MIRA program encourages investigators to embark on ‘long-term projects of unusual potential’

  Craig Peterson, PhD
 

Craig L. Peterson, PhD

UMass Medical School scientist Craig L. Peterson, PhD, has received a five-year, $4.5 million Maximizing Investigators' Research Award (MIRA) from the National Institutes of Health for research that explores the role chromosome structure plays in regulating gene expression, DNA repair and DNA fidelity during cell division.

Part of the NIH’s outstanding investigator award program, MIRA provides extended funding that enables researchers to devote more time and energy to working in the lab and less time to writing and revising grant applications. It is designed to encourage investigators to embark on ambitious, long-term projects of unusual potential.

“The MIRA award funds our research group as a whole. Consequently, we are free to pursue a broad set of research questions that fits within a general topic,” said Dr. Peterson, professor of molecular medicine. “We can follow the most exciting results, and we can discard research directions that are no longer at the cutting edge of the field.”

According to the National Institute of General Medical Sciences, which awarded Peterson’s grant, MIRA-supported investigators have greater flexibility to try ideas that might be considered high risk.

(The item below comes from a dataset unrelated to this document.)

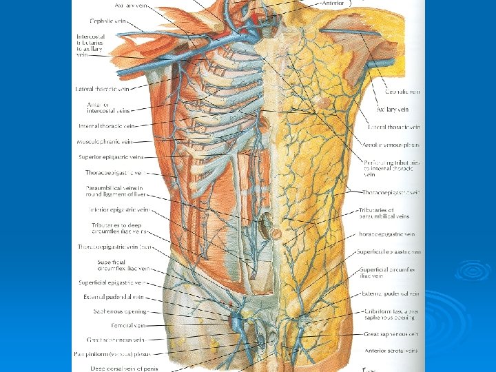 Venous Drainage Ø Venous blood is collected into a network of veins that radiate from the umbilicus Ø The network is drained above into the axillary vein via the lateral thoracic vein Ø Below into the femoral vein via the superficial epigastric and the great saphenous veins Ø Few small veins, the paraumbilical veins form a clinically important portal-system venous anastomosis
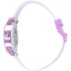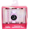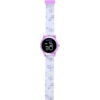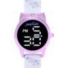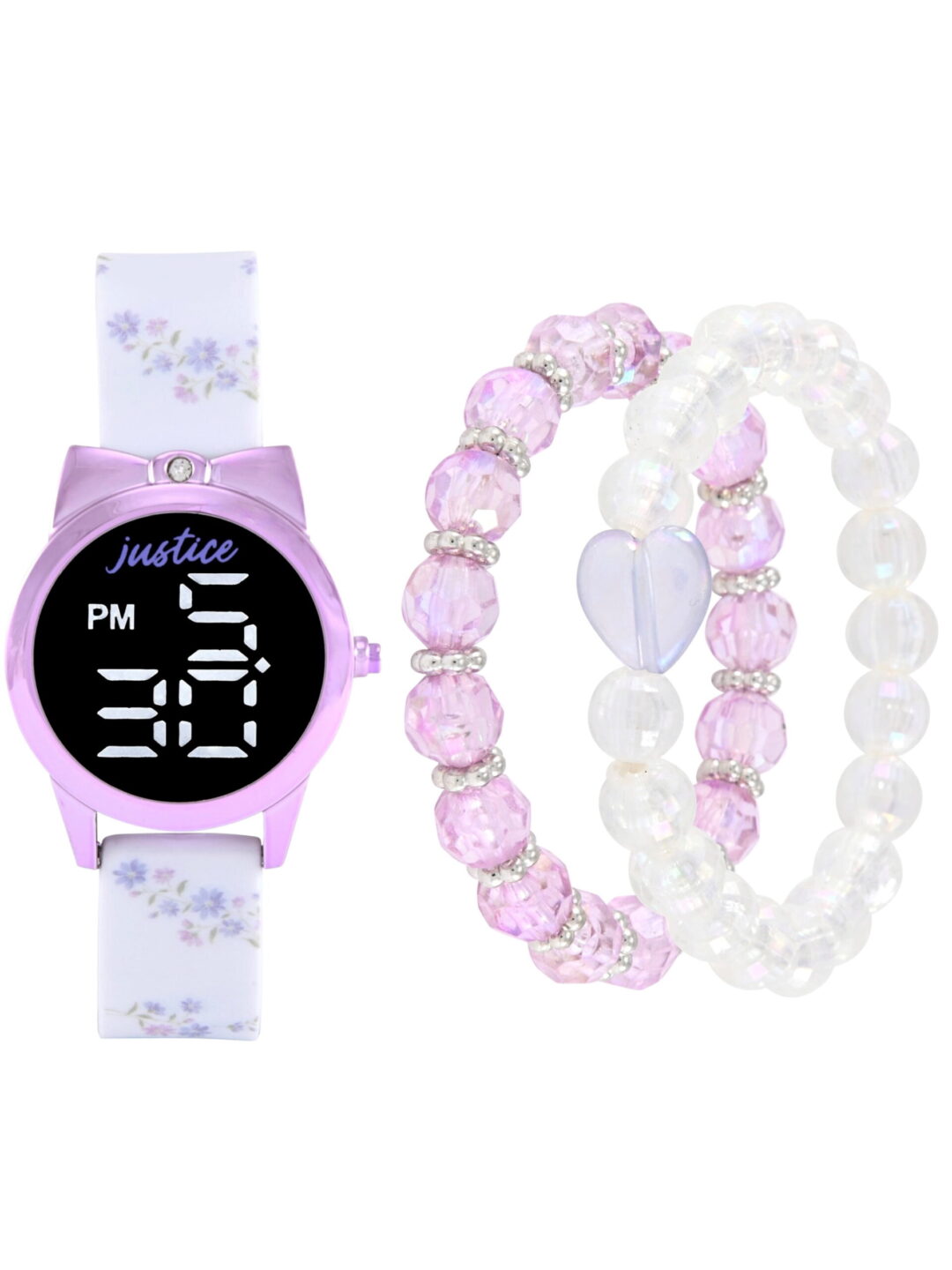 Justice Girls White Silicone Strap Watch with Lavendar Printed Florals. Case is Sprayed in Satin Metallic Lavendar Plating. Watch Case Shape Features TopSide Bow. Watch diaplys Large LED Digital Read tht Lights Up. Watch is Paired with Matching Beaded Stretch Bracelets with Silver Accents.

“The grant gives us freedom to perform high risk studies that would not be possible within an RO1 format, and we can change our research direction in order to study new exciting questions or hypotheses that we wish to tackle,” said Peterson.

“Much of our work on chromatin regulation is focused on a large family of multi-subunit enzymes called chromatin remodelers. We identified and purified the first of these enzymes, the yeast SWI/SNF complex.”

The Peterson lab found that SWI/SNF uses the energy of ATP hydrolysis to regulate chromosome structure and dynamics. This same family of enzymes is also found in humans. They are essential regulators of nearly every human chromosomal process and impairment of their function leads to a variety of diseases, including cancers and neurodegenerative disorders.

“Notably, mutations in genes that encode subunits of the human SWI/SNF complex are found in more than 20 percent of all human cancers, making it the second most prevalent target for oncogenic lesions,” said Peterson.

“There is now enormous interest in understanding how remodelers contribute to different disease states—many large and small biotech companies are now trying to target chromatin remodelers for therapeutic intervention. I expect that our biochemical studies on remodelers will suggest new targets for rational drug design, and that our molecular genetic studies in yeast are likely to provide insights into their function and regulation.”

Other MIRA recipients at UMMS include Andreas Bergmann, PhD, professor of molecular, cell & cancer biology; Patrick Emery, PhD, professor of neurobiology; and Paul Thompson, PhD, professor of biochemistry & molecular pharmacology.